◆ **About this task**
Reproduce what is written in the records below exactly, and leave out the images.
____ Records shown
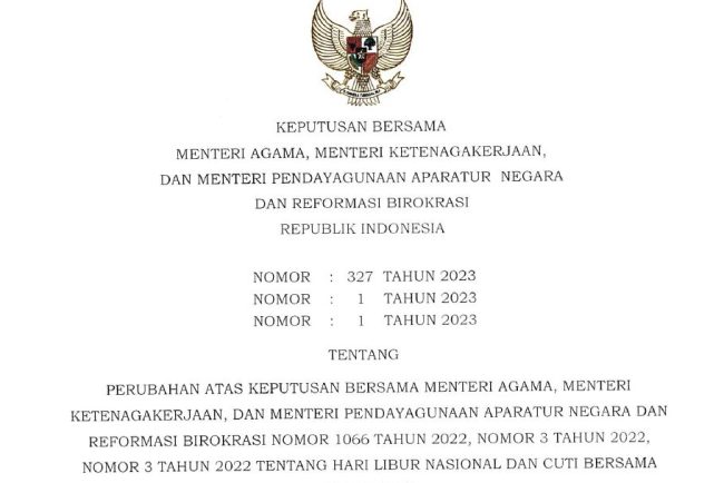 Beritakampus.id – Jakarta, Pemerintah telah menyepakati dan menetapkan perubahan hari libur nasional dan cuti bersama tahun 2023. Kesepakatan tersebut tertuang dalam Surat Keputusan Bersama (SKB) Menteri Agama (Menag), Menteri Ketenagakerjaan (Menaker), Menteri Pendayagunaan Aparatur Negara dan Reformasi Birokrasi (Menteri PANRB) Nomor 327 Tahun 2023, Nomor 1 […]
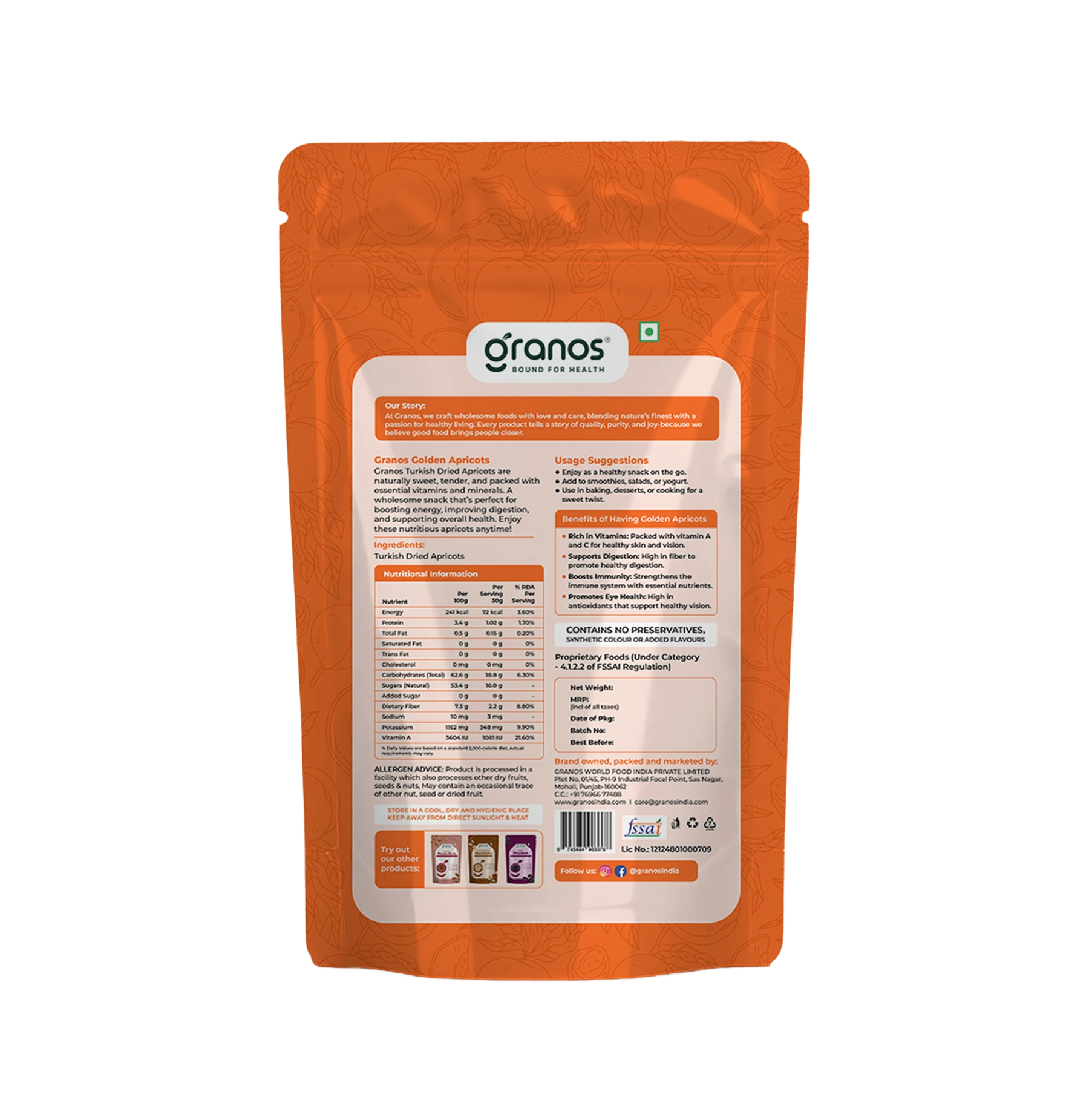 Packed in a convenient zip-lock pouch, Granos ensures long-lasting freshness and allows you to enjoy these apricots for up to 12 months. Apricots are an excellent source of dietary fiber, vitamins, and minerals, making them the perfect go-to snack for health-conscious individuals.
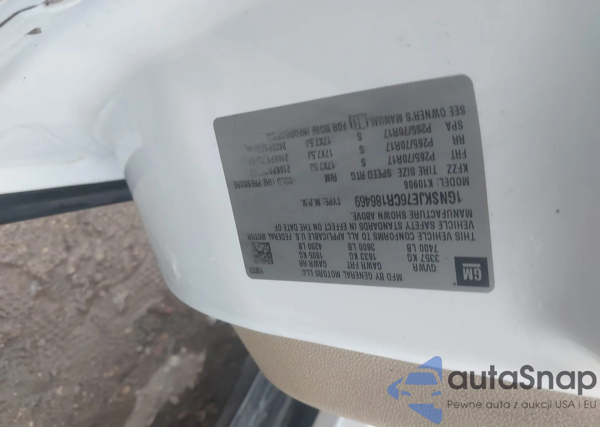 LOT: 42663947 VIN: 1GNSKJE76CR186469
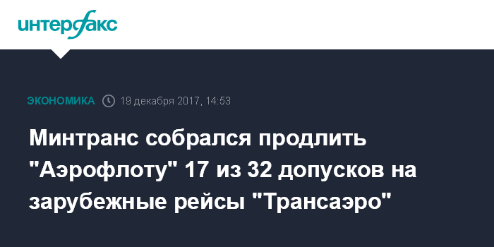 Москва. 19 декабря. INTERFAX.RU - Межведомственная комиссия (МВК) при Минтрансе РФ на ближайшем заседании рассмотрит вопрос о продлении "Аэрофлоту" и дочерней "России" 17 из 32 допусков на международные маршруты, доставшихся им от "Трансаэро".
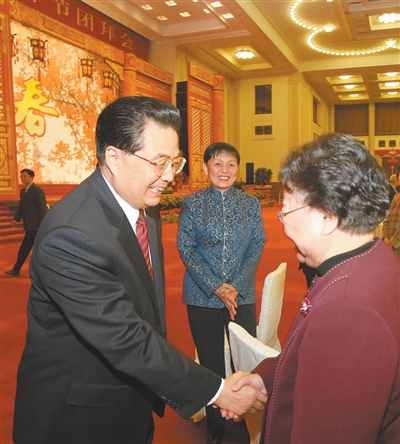 二〇〇八年二月五日,中共中央、国务院在北京人民大会堂举行二〇〇八年春节团拜会。这是胡锦涛同志与彭珮云同志握手。 |
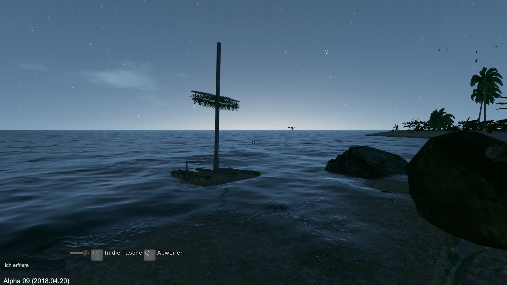 Meine Versuche wieder auf das Floß zu kommen scheitern und die Spielfigur ertrinkt. Gespeichert habe ich auf der Ausgangsinsel…
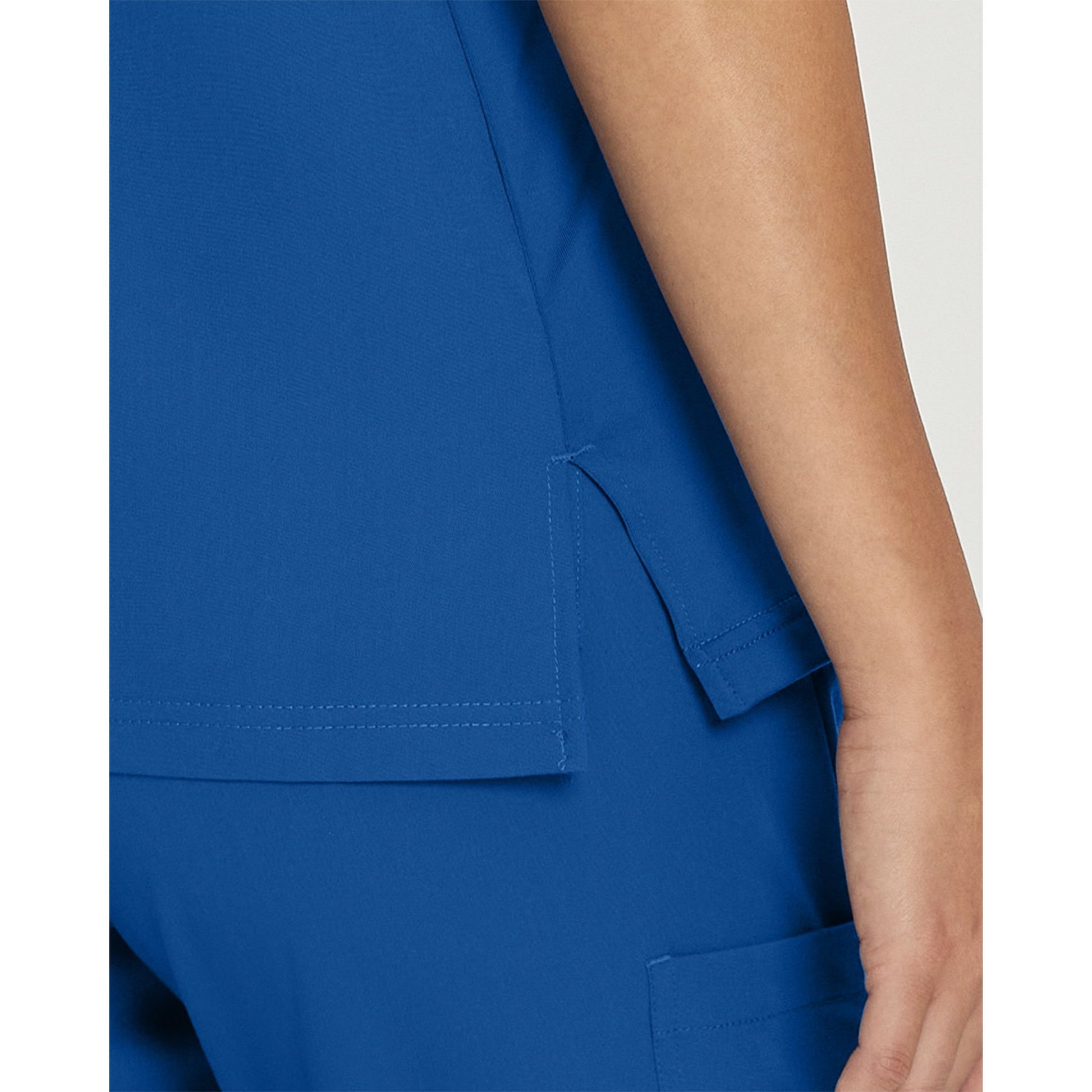 At White Cross, we know that healthcare professionals are often called upon to be exceptional, which is why we make our garments exceptional too. The V-Tess women's 4-pocket V-neck scrub top is fade resistant and wrinkle resistant with a jersey-knit front and back yoke for ventilation. This top also has front and back princess seams for feminine shaping, side vents for extra ease of movement, and a super stretch.
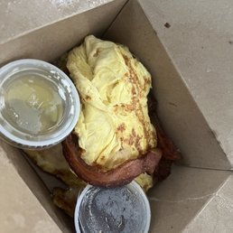 Best Weekday breakfast on the go! DO - order a Bacon/Egg/Cheddar on an Everything bagel. DON'T start your midweek hump morning without it! Love that the breakfast sandwiches come in containers instead of being wrapped up in foil or that other paper/foil combo. Quick, Polite, and Precise service!
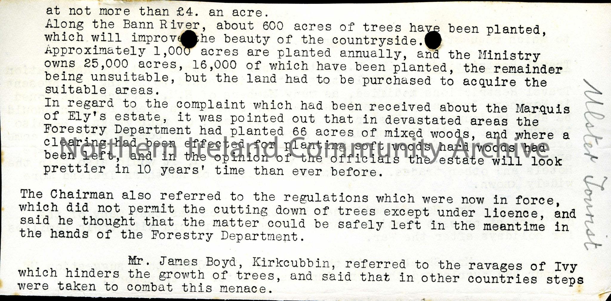 Second page of notes about the cutting down of trees in Ulster. This states that 600 acres of trees have been planted along the Bann and that the Mini… – Scan014
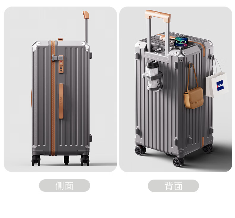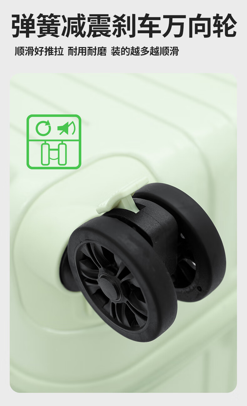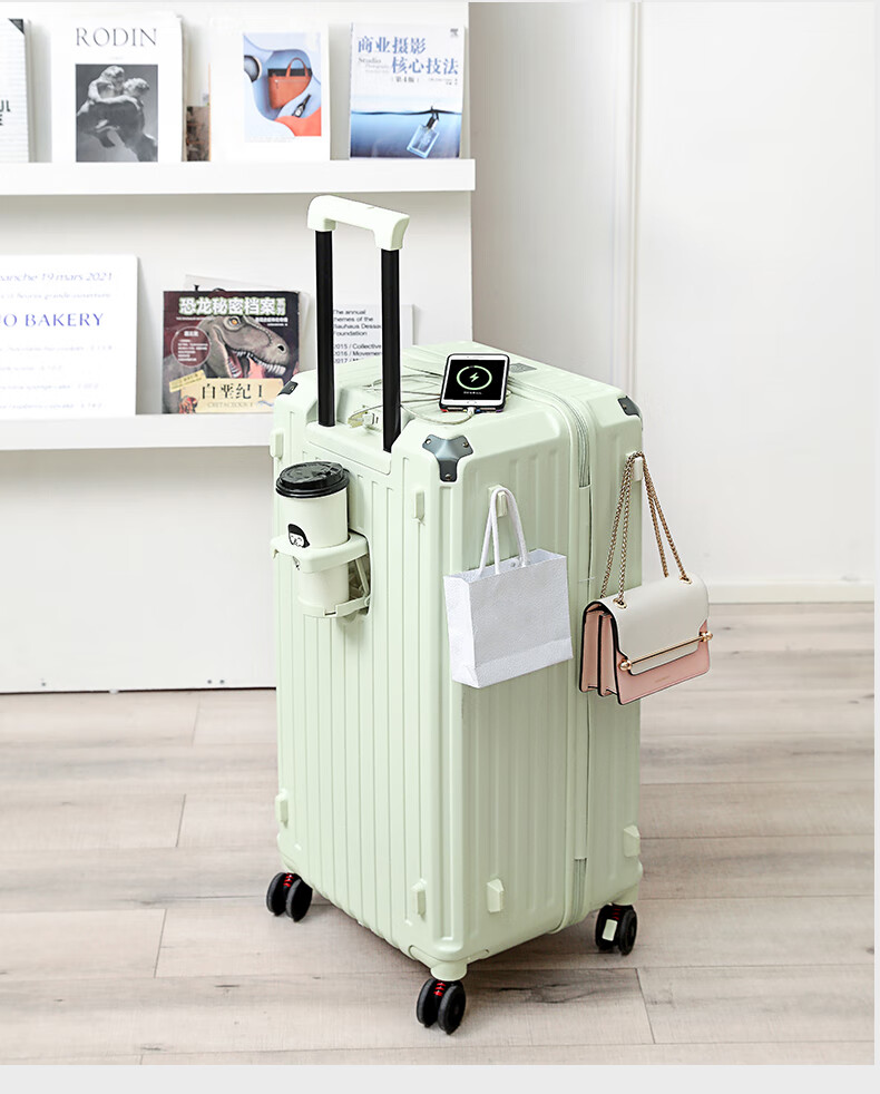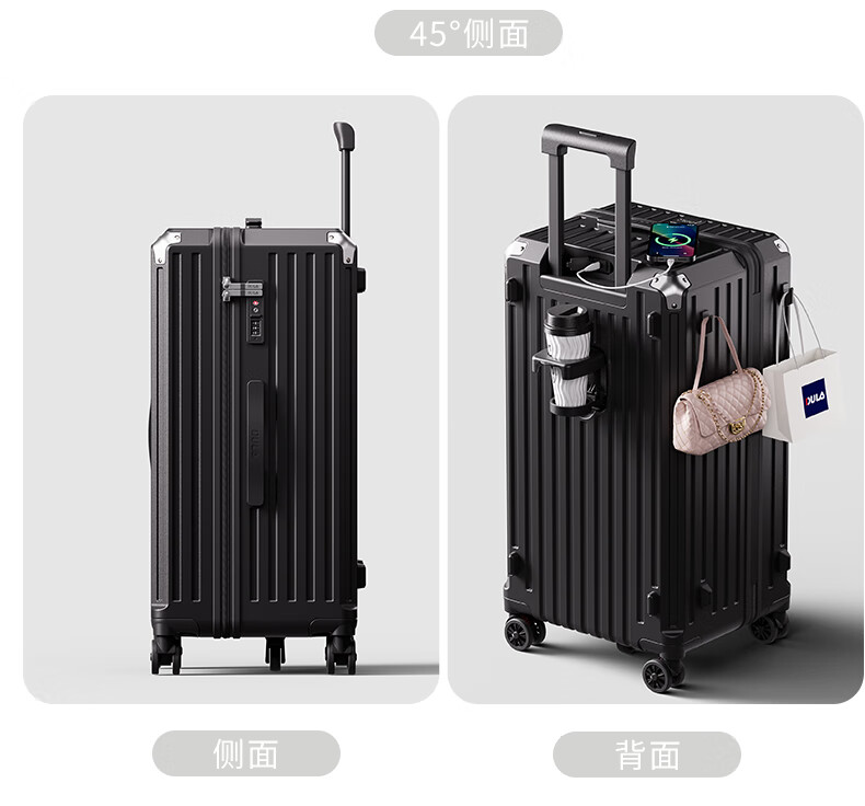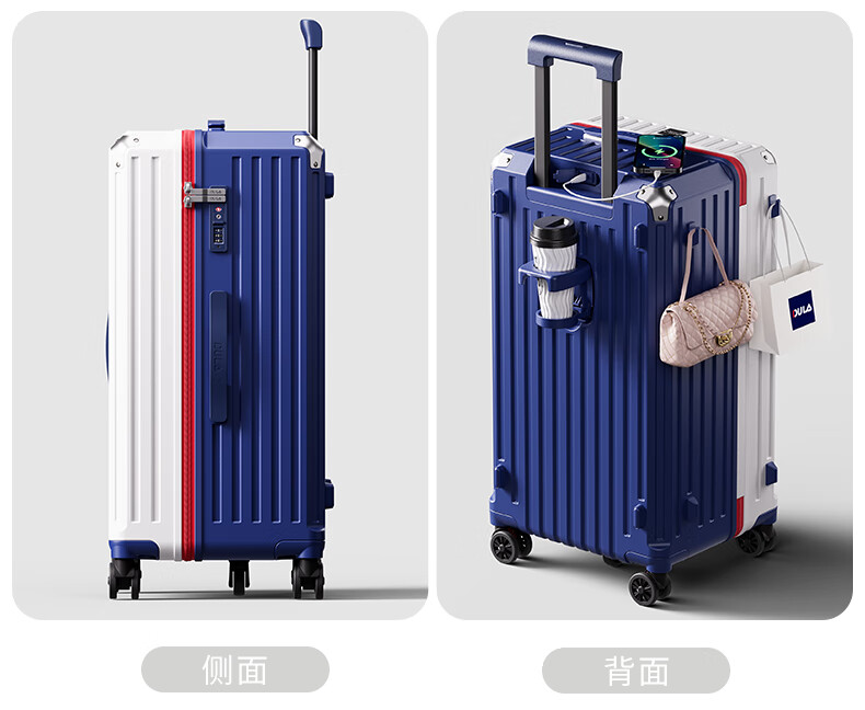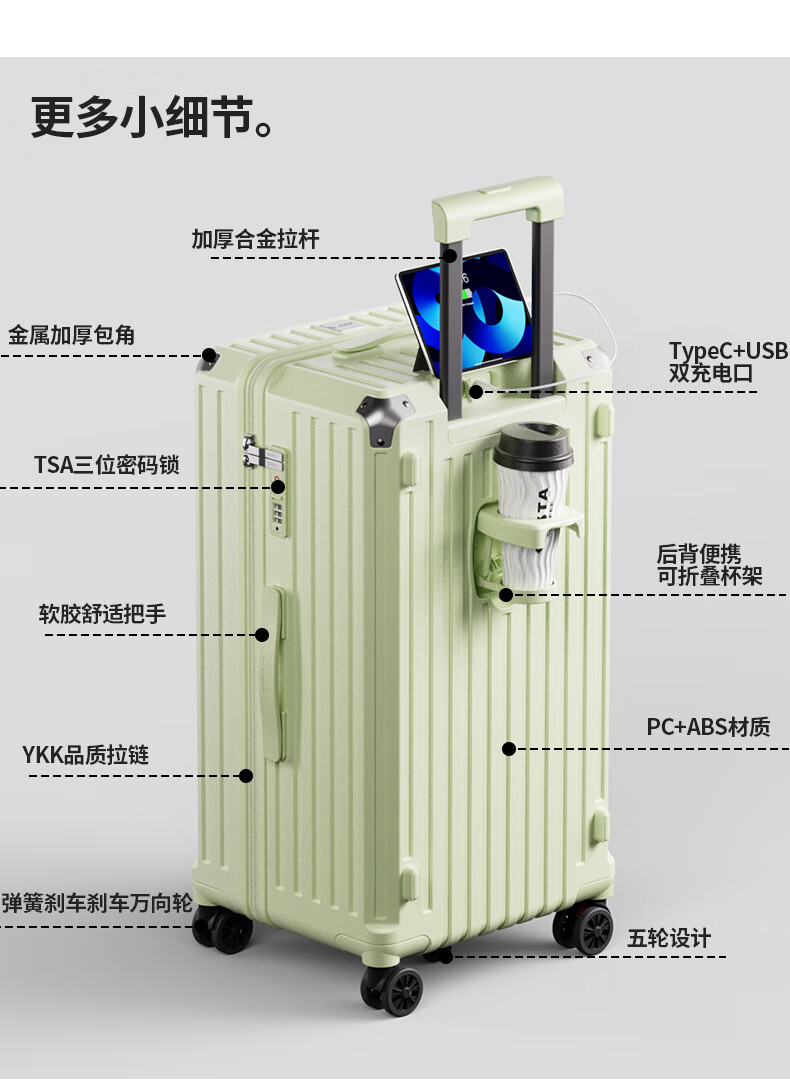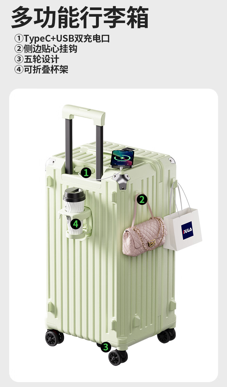 后背便携式折叠杯架,TypeC+USB双充电口;升级超大容量更能装,加厚金属拉杆伸缩不卡顿;弹簧减震刹车万向轮
________
◆ **Solution for this task**
 Beritakampus.id – Jakarta, Pemerintah telah menyepakati dan menetapkan perubahan hari libur nasional dan cuti bersama tahun 2023. Kesepakatan tersebut tertuang dalam Surat Keputusan Bersama (SKB) Menteri Agama (Menag), Menteri Ketenagakerjaan (Menaker), Menteri Pendayagunaan Aparatur Negara dan Reformasi Birokrasi (Menteri PANRB) Nomor 327 Tahun 2023, Nomor 1 […]
 Packed in a convenient zip-lock pouch, Granos ensures long-lasting freshness and allows you to enjoy these apricots for up to 12 months. Apricots are an excellent source of dietary fiber, vitamins, and minerals, making them the perfect go-to snack for health-conscious individuals.
 LOT: 42663947 VIN: 1GNSKJE76CR186469
 Москва. 19 декабря. INTERFAX.RU - Межведомственная комиссия (МВК) при Минтрансе РФ на ближайшем заседании рассмотрит вопрос о продлении "Аэрофлоту" и дочерней "России" 17 из 32 допусков на международные маршруты, доставшихся им от "Трансаэро".
 二〇〇八年二月五日,中共中央、国务院在北京人民大会堂举行二〇〇八年春节团拜会。这是胡锦涛同志与彭珮云同志握手。 |
 Meine Versuche wieder auf das Floß zu kommen scheitern und die Spielfigur ertrinkt. Gespeichert habe ich auf der Ausgangsinsel…
 At White Cross, we know that healthcare professionals are often called upon to be exceptional, which is why we make our garments exceptional too. The V-Tess women's 4-pocket V-neck scrub top is fade resistant and wrinkle resistant with a jersey-knit front and back yoke for ventilation. This top also has front and back princess seams for feminine shaping, side vents for extra ease of movement, and a super stretch.
 Best Weekday breakfast on the go! DO - order a Bacon/Egg/Cheddar on an Everything bagel. DON'T start your midweek hump morning without it! Love that the breakfast sandwiches come in containers instead of being wrapped up in foil or that other paper/foil combo. Quick, Polite, and Precise service!
 Second page of notes about the cutting down of trees in Ulster. This states that 600 acres of trees have been planted along the Bann and that the Mini… – Scan014
 后背便携式折叠杯架,TypeC+USB双充电口;升级超大容量更能装,加厚金属拉杆伸缩不卡顿;弹簧减震刹车万向轮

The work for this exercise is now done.